#### ASSIGNMENT:
Take the lines below from the one with "また、少し苦手としている単位" through the one with "Set Dulap pentru" and print only them, exactly. Don't print the pictures.

#### AVAILABLE RECORDS:
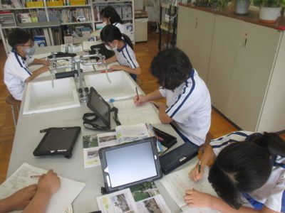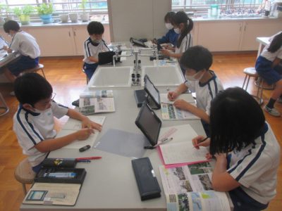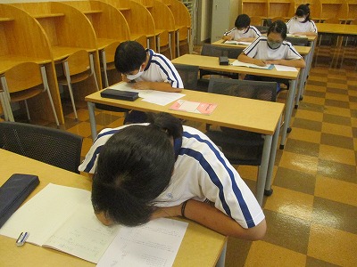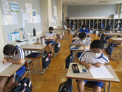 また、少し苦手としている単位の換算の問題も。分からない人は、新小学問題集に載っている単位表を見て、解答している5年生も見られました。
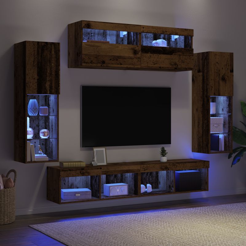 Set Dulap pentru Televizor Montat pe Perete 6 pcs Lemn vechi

...

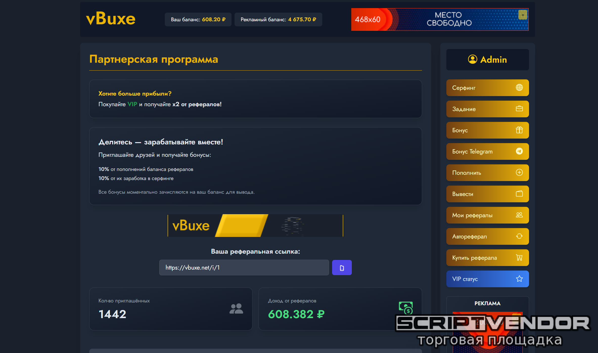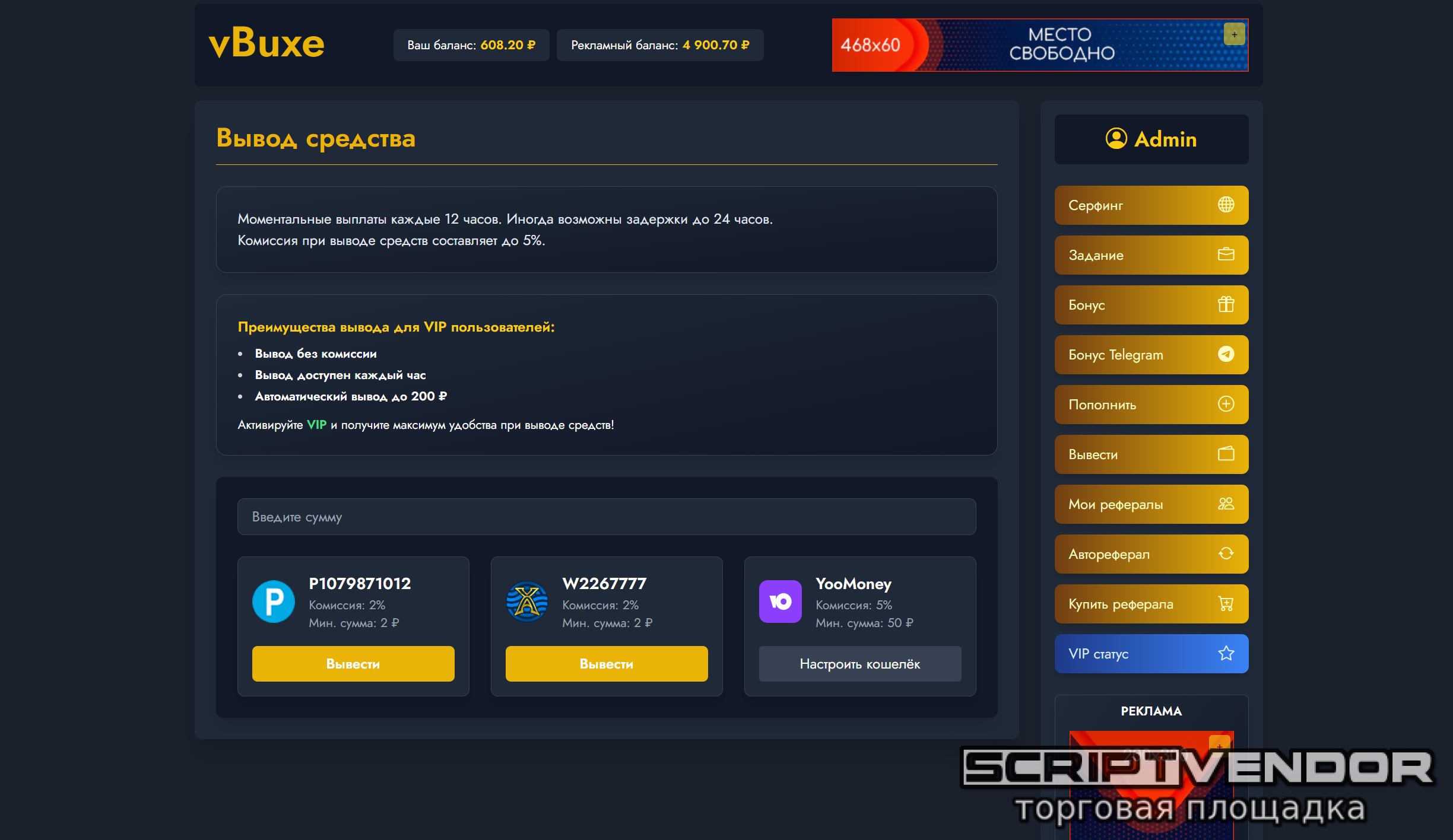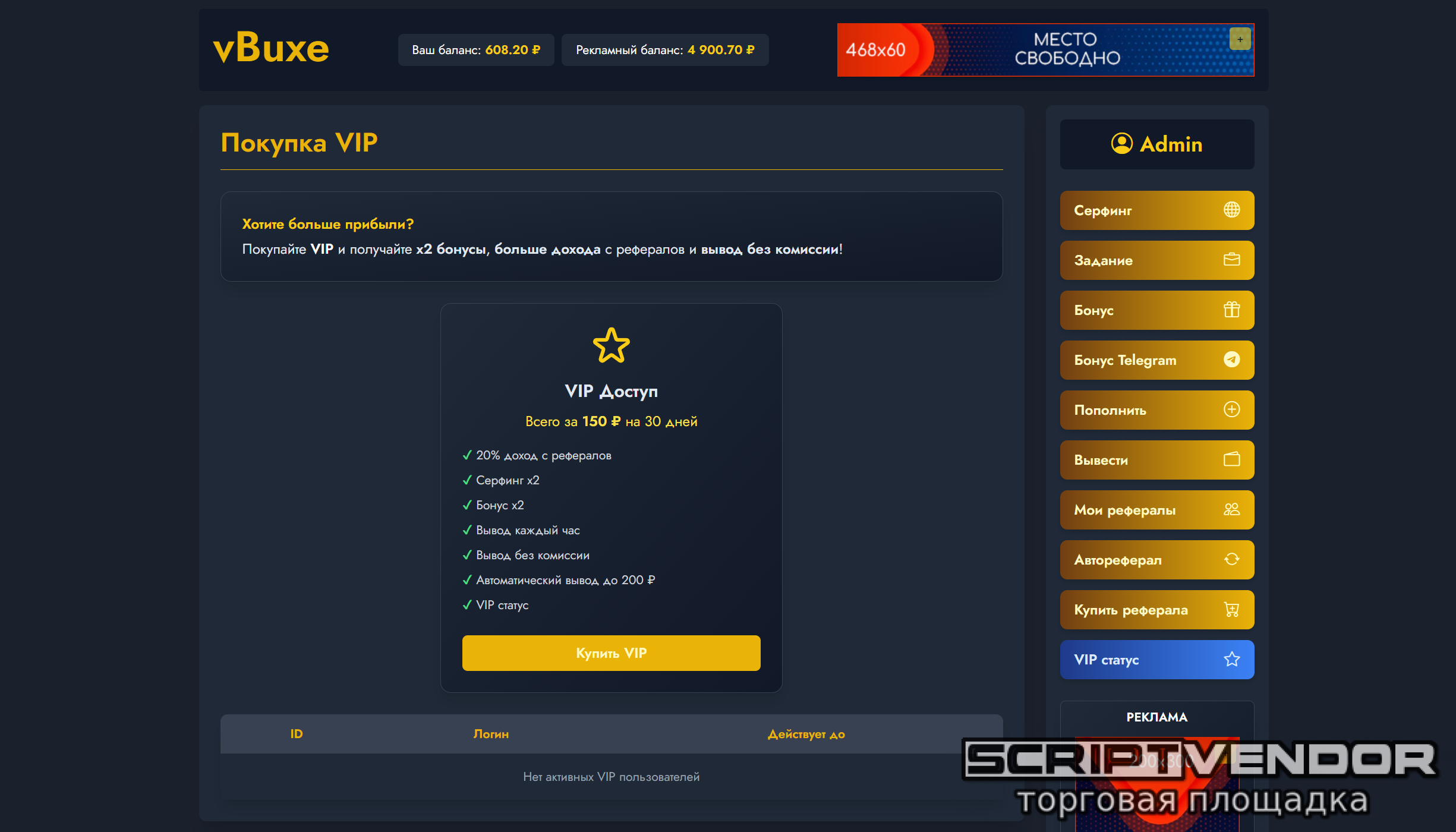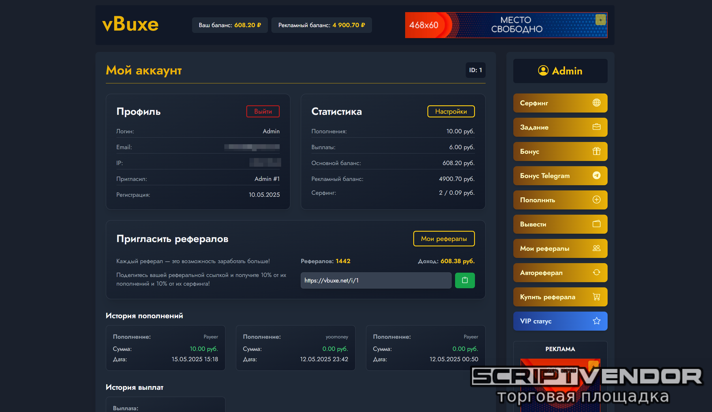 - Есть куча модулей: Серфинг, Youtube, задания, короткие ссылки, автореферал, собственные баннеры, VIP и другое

...

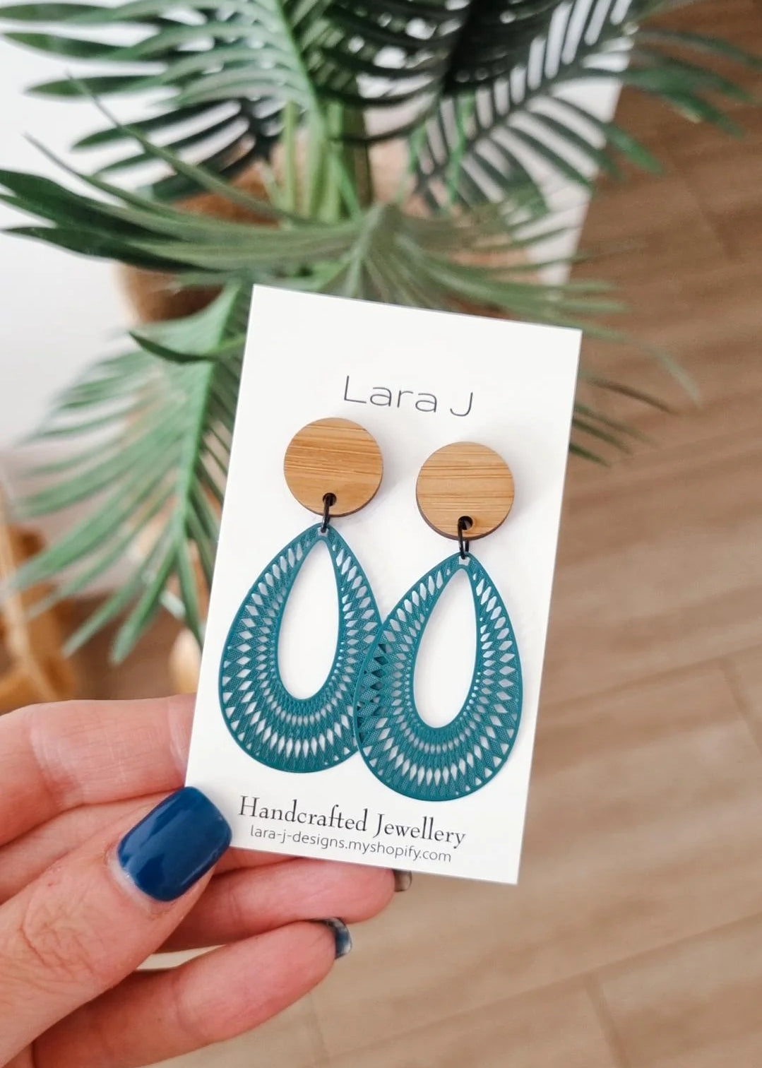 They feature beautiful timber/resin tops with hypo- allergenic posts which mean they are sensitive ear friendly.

#### EXPECTED ANSWER:
 また、少し苦手としている単位の換算の問題も。分からない人は、新小学問題集に載っている単位表を見て、解答している5年生も見られました。
 Set Dulap pentru Televizor Montat pe Perete 6 pcs Lemn vechi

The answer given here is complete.